Even in the case of Sudoku, and even if you use the most powerful individual all_distinct/1 constraints, you need to search, in general, to truly generate the unique solution explicitly. But the Prolog code shown in the article doesn't (hence, it will lead to floundering constraints in general), and the concrete puzzle shown in the article is, coincidentally or not, correctly solved just by such propagation algorithms, without any search. This situation is also not particularly rare: In many cases of practical importance, constraint propagation alone already tightens remaining domains so significantly that no or only very little additional search is necessary.
Thus, everything you said is true: Yes, you need search in general, also when using CP, to obtain concrete solutions. However, to repeat, it is quite different from what one would call "brute force" search because the sophisticated and often very effective propagation algorithms prune the search space, often substantially, and can moreover help to guide the search with various heuristics. In practice, you typically buy a Prolog system just to benefit from these propagation algorithms! Various notions of consistency exist, and you can find more such algorithms in the literature references that are for example included in SICStus Prolog and other Prolog systems with constraints.
Second, note that the description you quote does not even cover the particular case that arises in the article and also many other cases in practice: That is, there are no nodes at all, because everything is already settled by constraint propagation before any search even starts, making the whole solution explicitly available without search.
The Eight Queens problem you cite is quite different from Sudoku, because it may have multiple solutions.

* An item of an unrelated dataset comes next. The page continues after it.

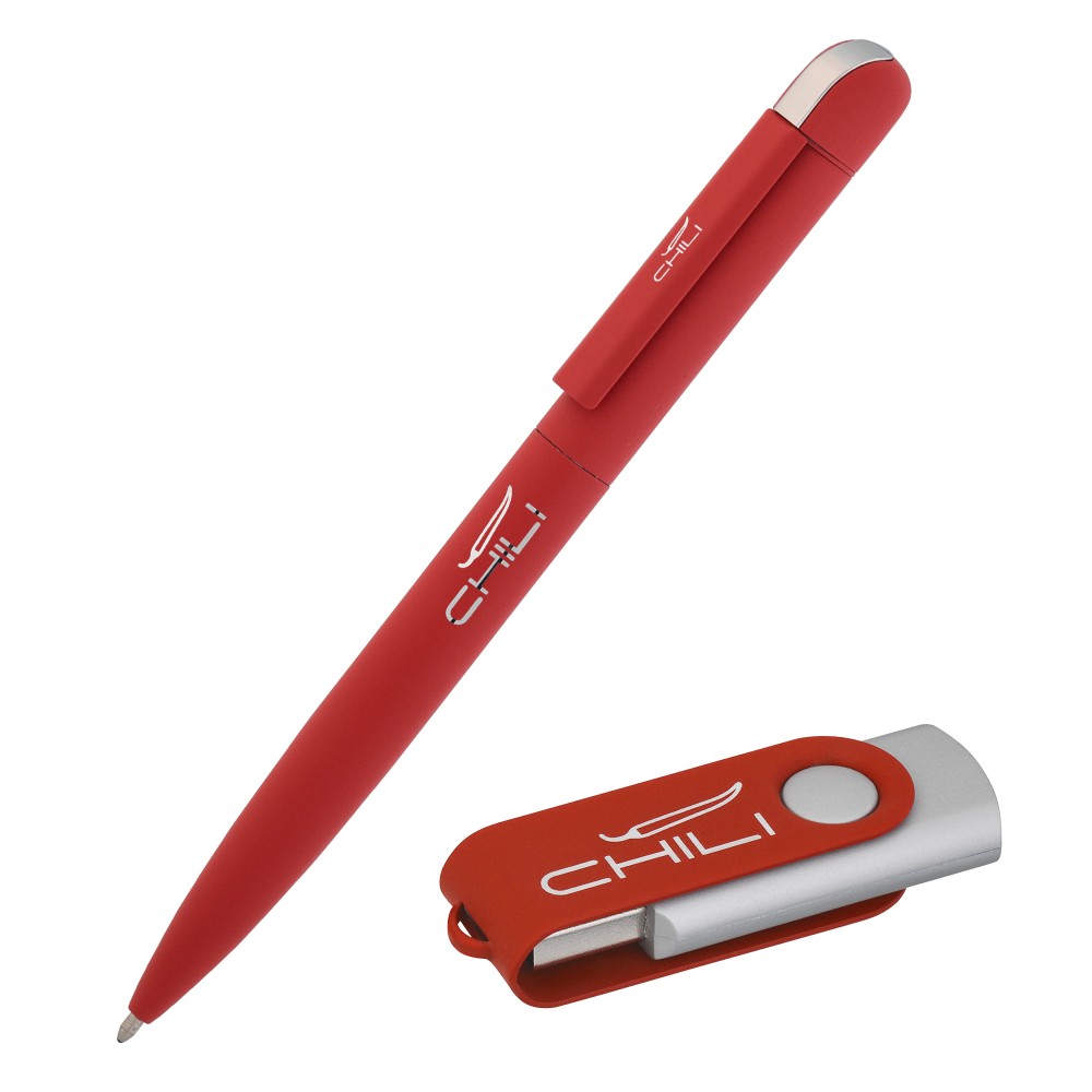 Бестселлер коллекции CHILI - Набор ручка "Jupiter" + флеш-карта "Vostok" в оригинальном футляре-конструкторе из материала EVA. Особого внимания заслуживает конструкция упаковки - комплектующие набора укладываются в двусторонний ложемент, который также можно персонализировать методом гравировки (газовый СО-лазер). Футляр закрыт шубером из черного картона. Рекомендуем посмотреть 3D-фото для детального представления об устройстве упаковки.

For this reason, as you correctly observe, search is needed to generate the different solutions in such cases. But this does not invalidate the Sudoku example, where we know that exactly one solution exists, and sufficiently strong pruning could always determine it, whether by internal propagation or other algorithms that simply eliminate all values that do not participate in the unique solution of the puzzle. Nor does it show that the cost for the search outweights that of constraint propagation in either case.
For these reasons, I recommend to put at least equal focus on constraint propagation as on the search when discussing CP.